Tuntutan finansial terhadap Hendry Lie tidak berhenti di situ. JPU juga menuntut pembayaran uang pengganti sebesar Rp 1,6 triliun. Apabila dalam waktu satu bulan setelah putusan berkekuatan hukum tetap uang pengganti tersebut tidak dibayarkan, maka jaksa akan menyita seluruh harta benda milik Hendry Lie untuk dilelang dan hasilnya digunakan untuk menutupi kerugian negara.
Lebih lanjut, jaksa menjelaskan konsekuensi jika harta benda Hendry Lie tidak mencukupi untuk membayar uang pengganti. "Dan dalam hal terdakwa tidak mempunyai harta benda yang mencukupi untuk membayar uang pengganti, maka diganti dengan pidana penjara selama 10 tahun," ujar jaksa. Jaksa juga menambahkan skenario jika Hendry Lie hanya mampu membayar sebagian dari uang pengganti. "Atau apabila terpidana membayar uang pengganti dengan jumlah yang kurang dari kewajiban uang pengganti, maka jumlah uang pengganti yang dibayarkan tersebut akan diperhitungkan dengan lama pidana tambahan berupa pidana penjara sebagai pengganti kewajiban uang pengganti," paparnya.
Dalam menyampaikan pertimbangan tuntutan, JPU mengungkapkan bahwa perbuatan Hendry Lie dinilai tidak mendukung program pemerintah dalam memberantas korupsi, kolusi, dan nepotisme (KKN). Tindakan Hendry Lie dianggap telah merugikan negara secara signifikan, termasuk kerusakan lingkungan yang masif. Selain itu, JPU juga menyoroti bahwa Hendry Lie telah menikmati hasil dari tindak pidana korupsi yang dilakukannya.
"Perbuatan terdakwa telah menyebabkan kerugian negara yang sangat besar termasuk kerugian negara dalam bentuk kerusakan lingkungan yang sangat masif. Terdakwa telah menikmati hasil tindak pidananya," jelas jaksa.
Kendati demikian, JPU juga menyampaikan hal-hal yang meringankan tuntutan terhadap Hendry Lie. Salah satunya adalah fakta bahwa Hendry Lie belum pernah dihukum sebelumnya.
"Hal meringankan, terdakwa belum pernah dihukum," ucap jaksa.
JPU meyakini bahwa Hendry Lie melanggar Pasal 2 ayat 1 juncto Pasal 18 Undang-Undang Pemberantasan Tindak Pidana Korupsi (UU Tipikor) juncto Pasal 55 ayat 1 ke-1 KUHP dakwaan primer.

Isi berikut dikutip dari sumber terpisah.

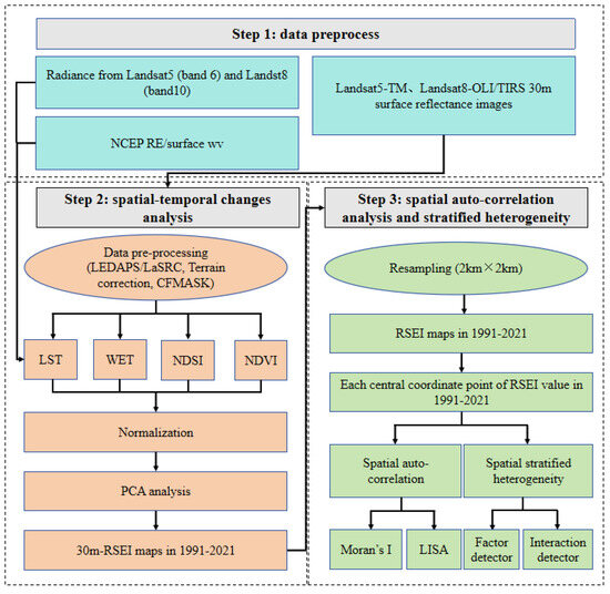 A detailed workflow was established for this study (Figure 2). First, we produced seven 30 m RSEI maps for 1991, 1996, 2001, 2006, 2011, 2016, and 2021 using Landsat 5 TM and 8 OLI/TIRS images based on the GEE platform. Second, based on the seven RSEI maps from 1991–2021, the spatiotemporal characteristics of EEQ in the Longyangxia to Lijiaxia Basin were analyzed. The spatial correlation of the EEQ was analyzed using Moran’s I (global spatial autocorrelation) and the Local Indicators of Spatial Association (LISA) indices. Finally, the effects of individual factors and their interactions on EEQ were explored using GeoDetector.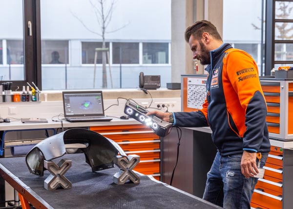 Now, KTM Motorsport’s design and product development team can make improvements by scanning almost every part and bringing the Go!SCAN 3D wherever they go. The benefits they get compared to before purchasing the Go!SCAN 3D are significant. “We can make adjustments to components where we had not previously thought of doing so before,” adds Sebastian Witt, head of Quality Management Motorsport at KTM AG, who was thrilled to show us their newest sport motorcycles.
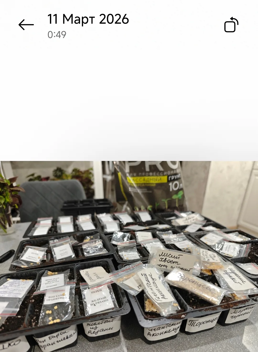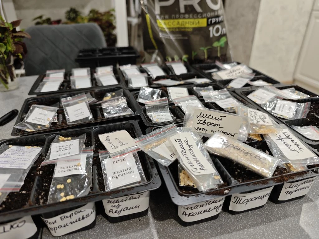 Вчера посеяла 45 сортов перцев и 3 гибрида баклажанов.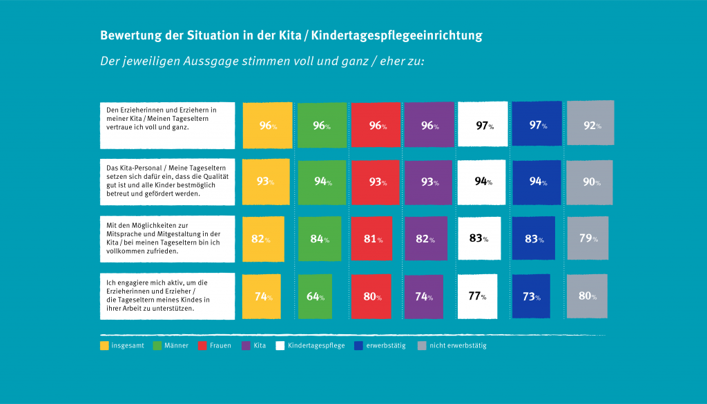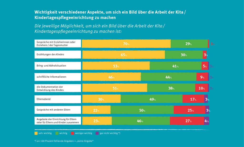 Nur ein Prozent der Eltern vertraut den Fachkräften in ihrer Kita beziehungsweise den Tageseltern gar nicht. Demgegenüber geben 67 Prozent der befragten Eltern an, dass sie der Tagesmutter, dem Tagesvater oder der Kita-Fachkraft voll und ganz vertrauen. Ein wichtiger Fakt – denn schließlich geben Eltern ihre Kinder jeden Morgen in die Obhut der Fachkräfte und dies zum überwiegenden Teil mit einem guten Gefühl.

Sebelumnya, Hendry Lie didakwa terlibat dalam kasus korupsi pengelolaan komoditas timah dan diduga telah memperkaya diri sendiri sebesar Rp 1 triliun.
Sidang dakwaan terhadap Hendry Lie telah digelar sebelumnya di Pengadilan Tipikor Jakarta, Kamis (30/1). Dalam dakwaan tersebut, JPU menyebutkan bahwa Hendry Lie merupakan pemilik saham mayoritas PT Tinindo Internusa, sebuah smelter swasta yang menjalin kerjasama dengan PT Timah.
"Memperkaya Terdakwa Hendry Lie melalui PT Tinindo Internusa setidak-tidaknya Rp 1.059.577.589.599,19 (Rp 1 triliun)," kata jaksa saat membacakan surat dakwaan.